Please either give a source for the claim (so we can check definitions or notations) or better yet include in your questions statement how you see the Hardy-Littlewood maximal function and the non-tangential maximal function defined. I suspect @Pavel is on the mark, but dude you are making it extremely hard for us to help you. –  Willie Wong Dec 19 '12 at 9:21

2 Answers 2

up vote 4 down vote accepted

Why insist on dyadic decomposition of cubes when you don't need it?

Observe that the maximal function $\mathcal{M}f = \mathcal{M} |f|$ by definition. And observe that since $\phi$ is positive, $|\phi_t\ast f| \leq \phi_t \ast |f|$. Hence we can assume without loss of generality that $f$ is positive.

Let $\lambda_\phi(s)$ for $s \geq 0$ be the set $\{ \phi(x) \geq s\}$. We have that $\phi(x) = \int_0^P \chi_{\lambda_{\phi}(s)}(x) \mathrm{d}s$, where $P = \sup \phi$. Note that by assumption $\lambda_\phi(s)$ for a decreasing family of balls around the origin. Let $\lambda^*\phi(s)$ be the ball whose radius is 1 more than the radius of $\lambda_\phi(s)$. Now, let $|y-x| < 1$. We have that

$$ \int_{\lambda_\phi(s)} f(y-z) \mathrm{d}z \leq \int_{\lambda^*_\phi(s)} f(x - z) \mathrm{d}z $$

since $f$ is positive and $x + \lambda^*_\phi(s) \supset y + \lambda_\phi(s)$.

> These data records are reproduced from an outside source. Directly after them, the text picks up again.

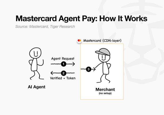 @Mastercard 与 Visa 玩着同样的游戏。它是一家即使在 Agent 时代也要保持卡网络地位的公司。Mastercard 选择的策略是将覆盖全球 210 多个国家的现有支付网络向 Agent 开放,但构建架构让商户能够轻松接入其系统。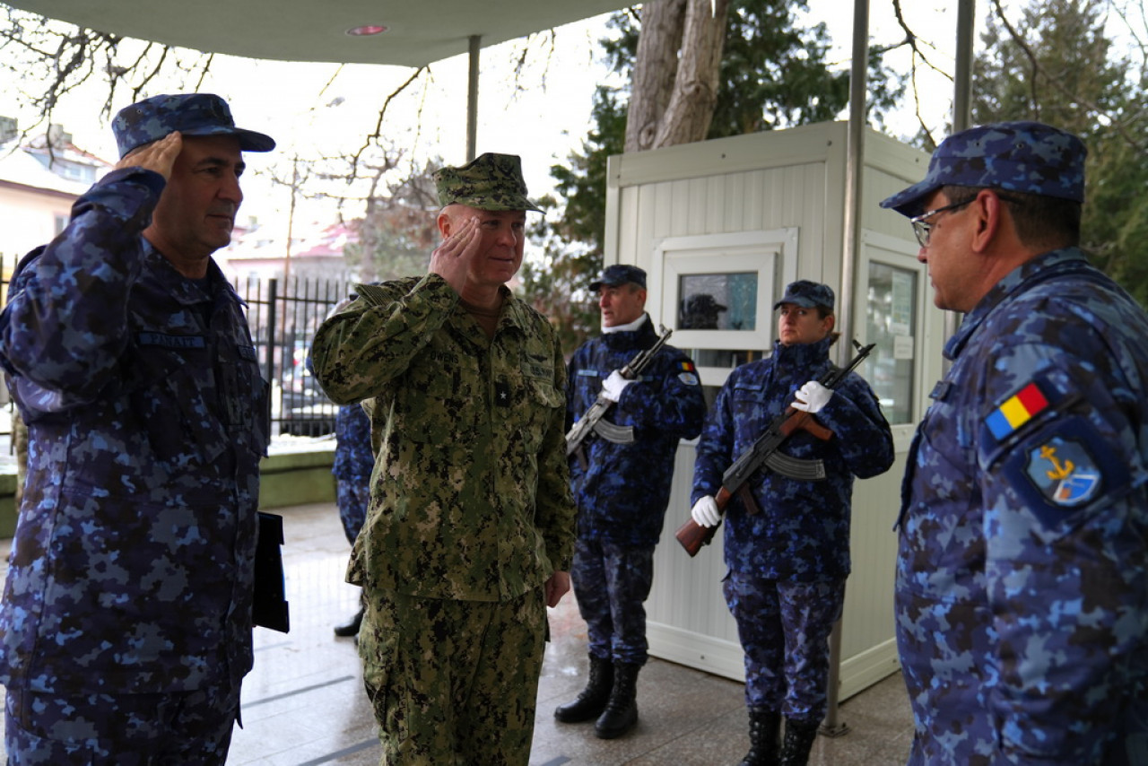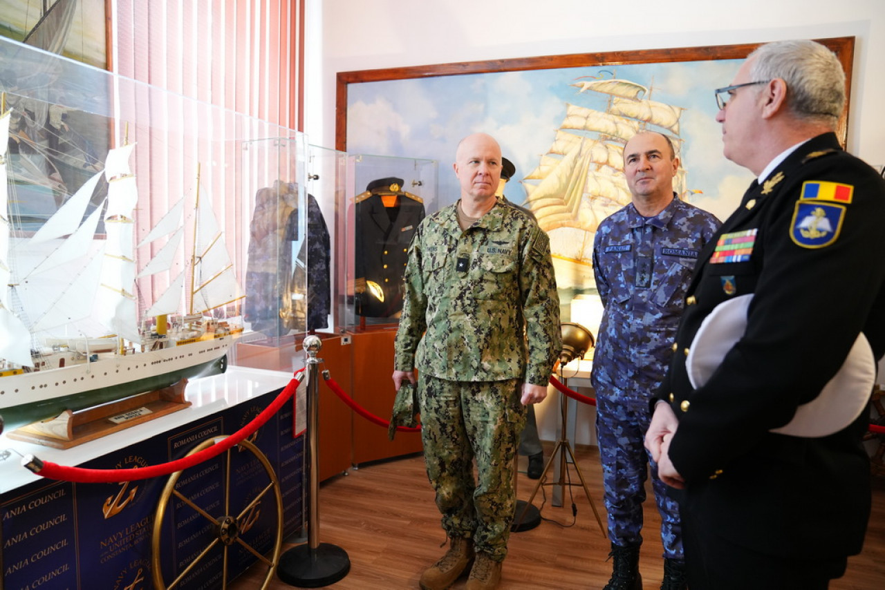 Un șef al Marinei Americane a vizitat joi și vineri mai multe obiective strategice ale Forțelor Navale Române, printre care Academia Navală, fregata ”Regina Maria”, Centrul 39 de Scafandri, dar și Divizionul 508 Rachete de Coastă al Forțelor Navale.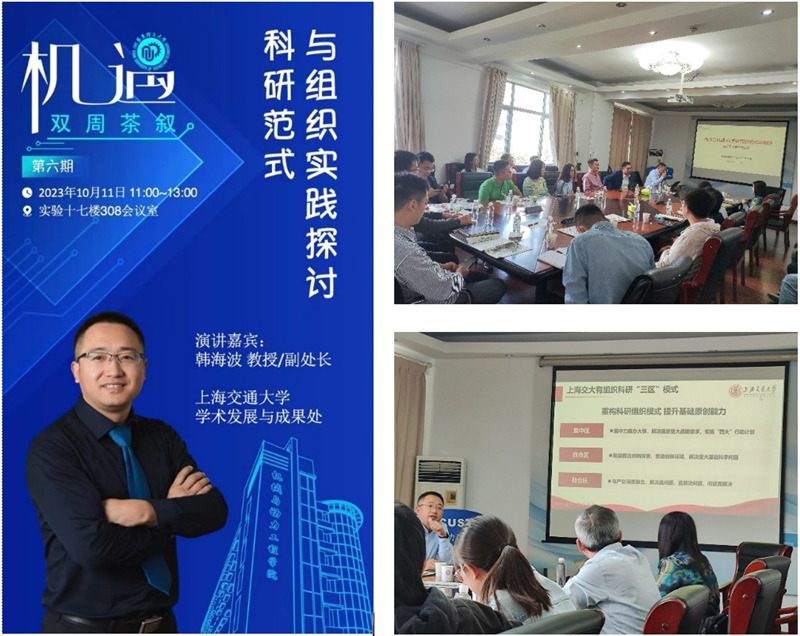 10月11日,公司青年教师杨雪晶、贾云飞、孙彬涵等作为召集人组织开展的“机·遇 双周茶叙”系列青年成长沙龙(第六期)在徐汇校区举行。上海交通大学学术发展与成果处副处长韩海波以“科研范式与组织实践探讨”为题作主题分享。公司30余名教师参加了此次活动。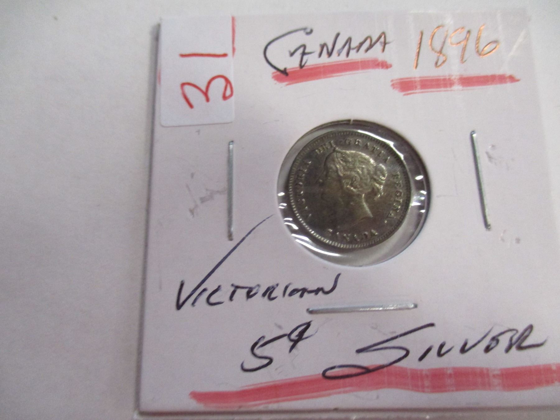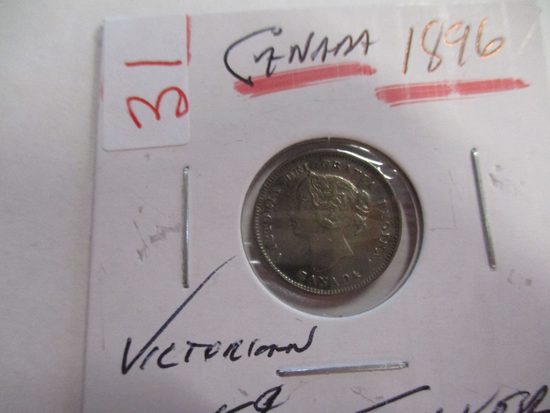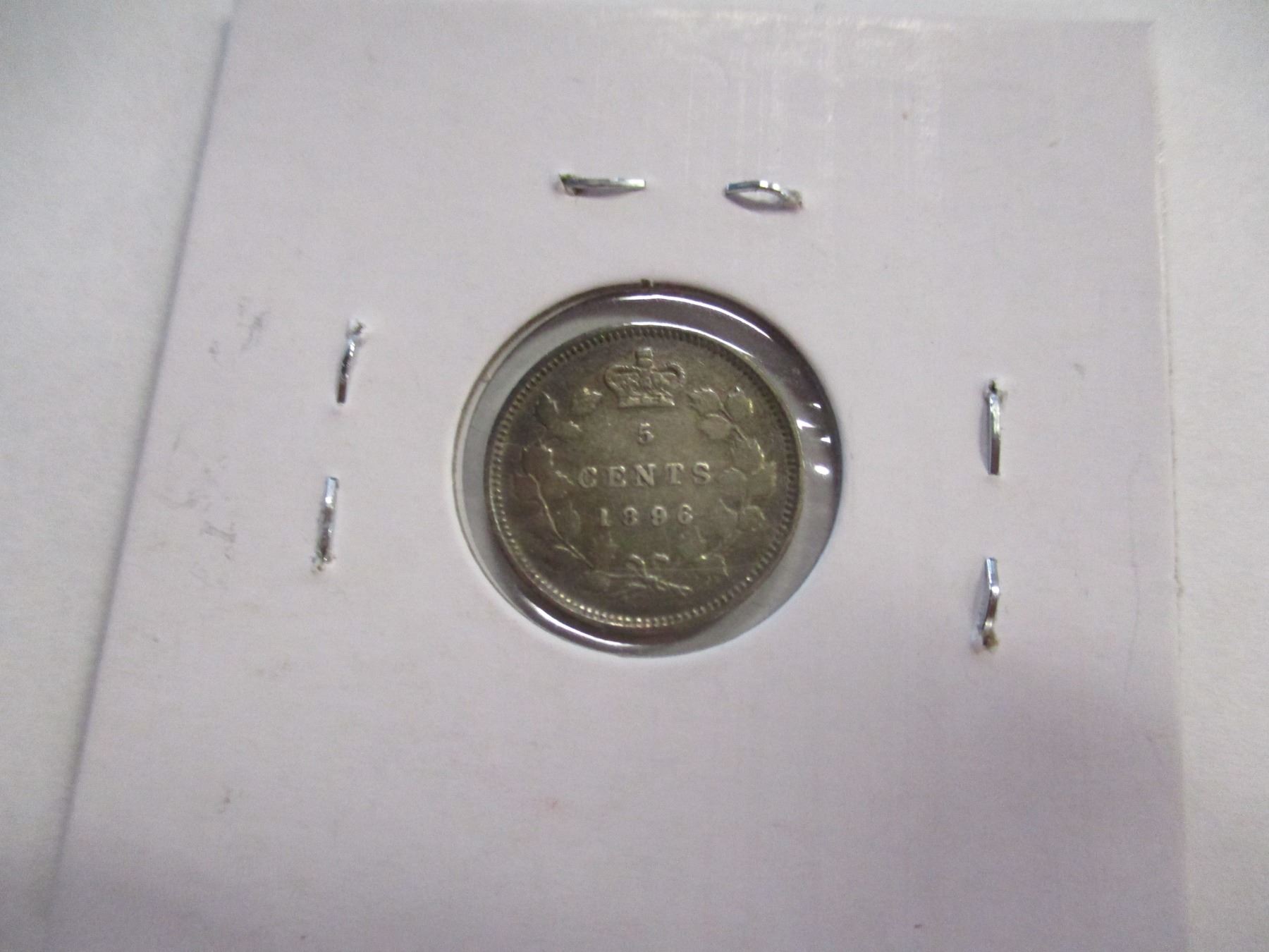 Lot 31 1896 EF CANADA VICTORIAN SILVER FIVE CENT

Let $P'$ be the smallest number such that $\lambda_\phi(P')$ has radius at most 1. By assumption (that $\phi$ is a bounded integrable function) we have that $\lambda_\phi(P')$ has positive radius $R'$.

$$\begin{align} \phi\ast f(y) &= \int_0^{P'} \int_{\lambda_\phi(s)} f(y-z) \mathrm{d}z \mathrm{d}s + \int_{P'}^P \int_{\lambda_\phi(s)} f(y-z) \mathrm{d}z \mathrm{d}s \\ &\leq \int_0^{P'} \int_{\lambda^*_\phi(s)} f(x-z) \mathrm{d}z \mathrm{d}s + \int_{P'}^P\int_{\lambda^*_\phi(P')} f(x-z) \mathrm{d}z \mathrm{d}s \\ & \leq \int_0^{P'} |\lambda_\phi^*(s)| \mathcal{M}f(x) \mathrm{d}s + |P' - P||\lambda_\phi^*(P')|\mathcal{M}f(x) \end{align}$$

Now using that for $s \leq P'$ we have that $|\lambda_\phi^*(s)| \leq c^n |\lambda_\phi(s)|$ where $c = 1 + 1/R'$ we have

$$ \leq \mathcal{M}f(x)\left( c^n \int_0^P |\lambda_\phi(s)| \mathrm{d}s + |P-P'| |\lambda_\phi^*(P')|\right)\tag{*}$$

The first term inside the parenthesis gives $\int \phi(z) \mathrm{d}z$ from the distributional function characterisation of Lebesgue spaces. The second term is quite obviously a finite constant depending on $\phi$.


Now, if we replace $\phi$ by $\phi_t$ in the above argument, then $P \mapsto t^{-n} P$. We will need to consider $|y-x| < t$ and we let $\lambda^*_{\phi_t}(s)$ to have radius $t$ more than its counterpart without the star. We also let $P'$ be such that the corresponding ball has radius at least $t$: by the scaling property of $\phi_t$ we see that $P' \mapsto t^{-n} P'$, and $\lambda_\phi(P') \to t \lambda_\phi(P')$. So the above analysis goes to show that the constant derived above (the term inside the parentheses in (*)) does not depend on the scaling $t$. Hence we get the desired inequality.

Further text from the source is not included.